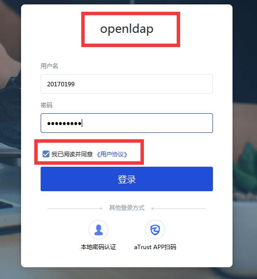 3、输入信息门户账号和密码,勾选“我已阅读并同意《用户协议》”
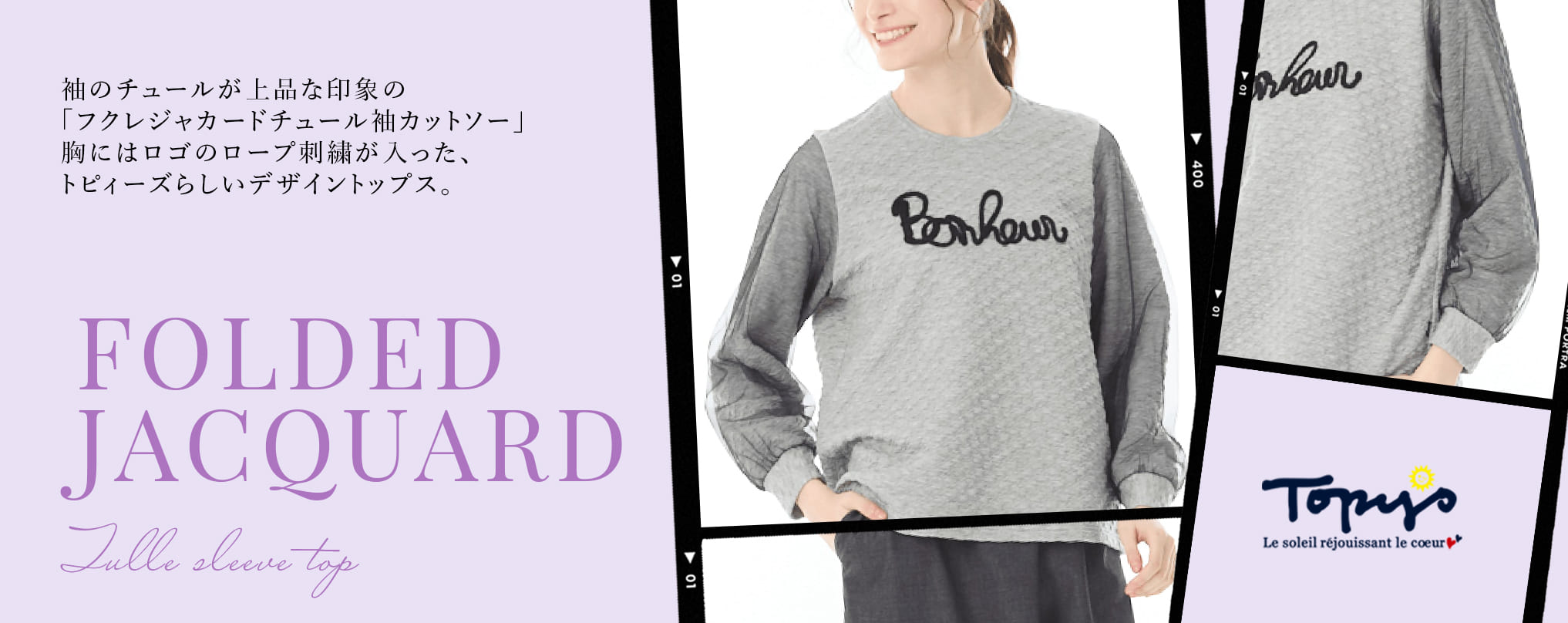 着心地を最優先に、流行にとらわれず、オフタイムを楽しむ、大人の女性のカジュアルウェアを提案します。 Topysブランドの展開レギュラーサイズは、40号(11~13号)になります。 |
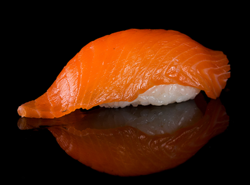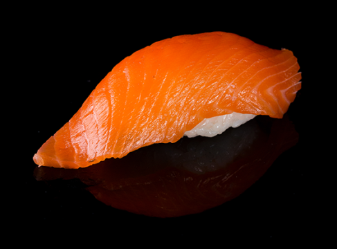 Суши нигири с душистым подкопчёным лососем.
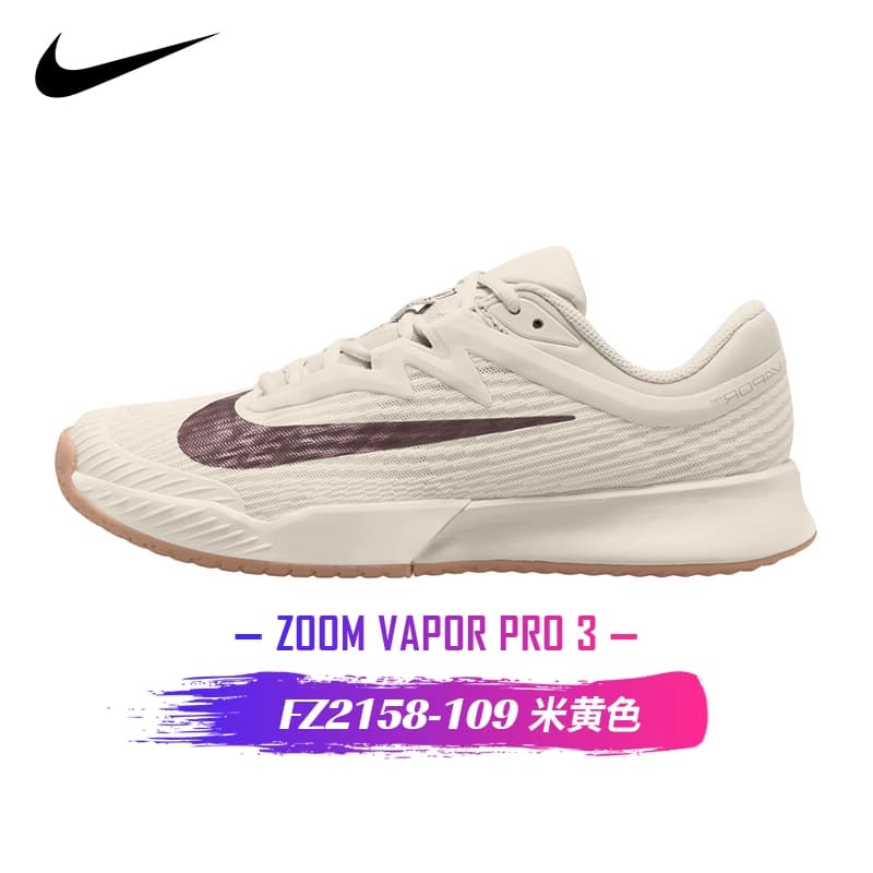 Nike耐克网球鞋 Zoom Vapor Pro 3气垫缓震透气运动网球鞋【女款】 FZ2158-109 米黄色 本品参加超级宠粉日满129减20 299减50 499减80 999减120元大促!

....

PROBLEM DETAILS: Your copy should hold all the data word for word. It should hold no pictures.

EXERCISE OUTPUT:
 3、输入信息门户账号和密码,勾选“我已阅读并同意《用户协议》”
 着心地を最優先に、流行にとらわれず、オフタイムを楽しむ、大人の女性のカジュアルウェアを提案します。 Topysブランドの展開レギュラーサイズは、40号(11~13号)になります。 |
 Суши нигири с душистым подкопчёным лососем.
 Nike耐克网球鞋 Zoom Vapor Pro 3气垫缓震透气运动网球鞋【女款】 FZ2158-109 米黄色 本品参加超级宠粉日满129减20 299减50 499减80 999减120元大促!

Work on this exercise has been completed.